Mother Earth, as we call her, needs our help. Needs your help. And I intend to carry this message to you
people, because fundamentally, fundamentally I think your nation, as been said here, is rich in
protecting the environment. You have a background that is much deeper than perhaps the Canadian
government, the Alberta government. And you need to practice that ethical reality that you carry out in
your homeland. I want to disclose this with The United Nation’s declaration on the rights of indigenous
people. Article 29: “1. Indigenous peoples have the right to the conservation and protection of the
environment and the productive capacity of their lands or territories and resources. States shall
establish and implement assistance programmes for indigenous peoples for such conservation and
protection, without discrimination.
2. States shall take effective measures to ensure that no storage or disposal of hazardous materials shall
take place in the lands or territories of indigenous peoples without their free, prior and informed
consent.
3. States shall also take effective measures to ensure, as needed, that programmes for monitoring,
maintaining and restoring the health of indigenous peoples, as developed and implemented by the
peoples affected by such materials, are duly implemented.
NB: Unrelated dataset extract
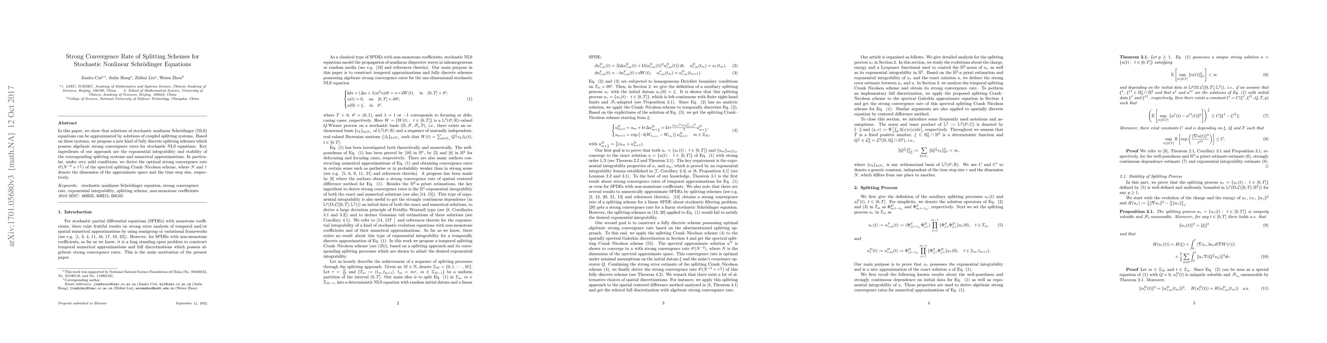 We prove the optimal strong convergence rate of a fully discrete scheme, based on a splitting approach, for a stochastic nonlinear Schr\"odinger (NLS) equation. The main novelty of our method lies on the uniform a priori estimate and exponential integrability of a sequence of splitting processes which are used to approximate the solution of the stochastic NLS equation. We show that the splitting processes converge to the solution with strong order $1/2$. Then we use the Crank--Nicolson scheme to temporally discretize the splitting process and get the temporal splitting scheme which also possesses strong order $1/2$. To obtain a full discretization, we apply this splitting Crank--Nicolson scheme to the spatially discrete equation which is achieved through the spectral Galerkin approximation. Furthermore, we establish the convergence of this fully discrete scheme with optimal strong convergence rate $\mathcal{O}(N^{-2}+\tau^\frac12)$, where $N$ denotes the dimension of the approximate space and $\tau$ denotes the time step size. To the best of our knowledge, this is the first result about strong convergence rates of temporally numerical approximations and fully discrete schemes for stochastic NLS equations, or even for stochastic partial differential equations (SPDEs) with non-monotone coefficients. Numerical experiments verify our theoretical result.
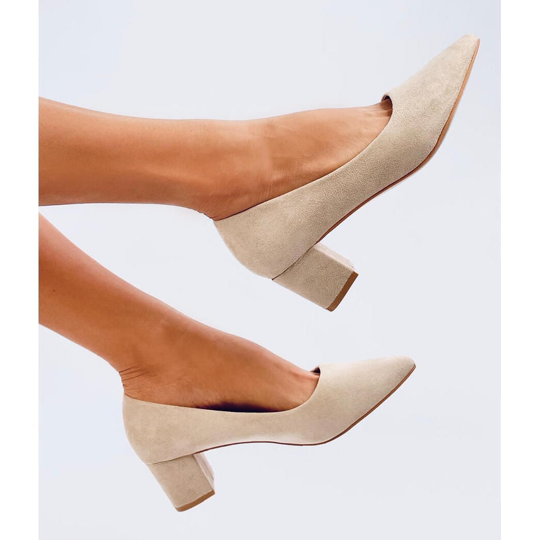 Pompele sunt confecționate din piele de căprioară ecologică, care nu este doar ecologică, dar impresionează și prin aspectul și atingerea ei. Interiorul pantofilor este căptușit cu piele ecologică, ceea ce crește în continuare purtând confort. Fixarea sub forma unei structuri glisante face mai ușor să se pună și să decoleze, iar culoarea lor netedă și bej le face să se îmbine perfect cu diverse stilizări.

You are signatories to this declaration. You need to tell the prime minister of Canada that he needs to
sign off on this and start to practice what you are practicing here in your homeland. I finally just want to
say, the word I said “Selá teané” in my language means “all my relations”. That means not just the
human beings, but it means the air, the trees, plants, medicines, water, rocks. Because that is all life
forms and we need to protect Her. Mushie Cho (thank you). Thanks for allowing me to speak here.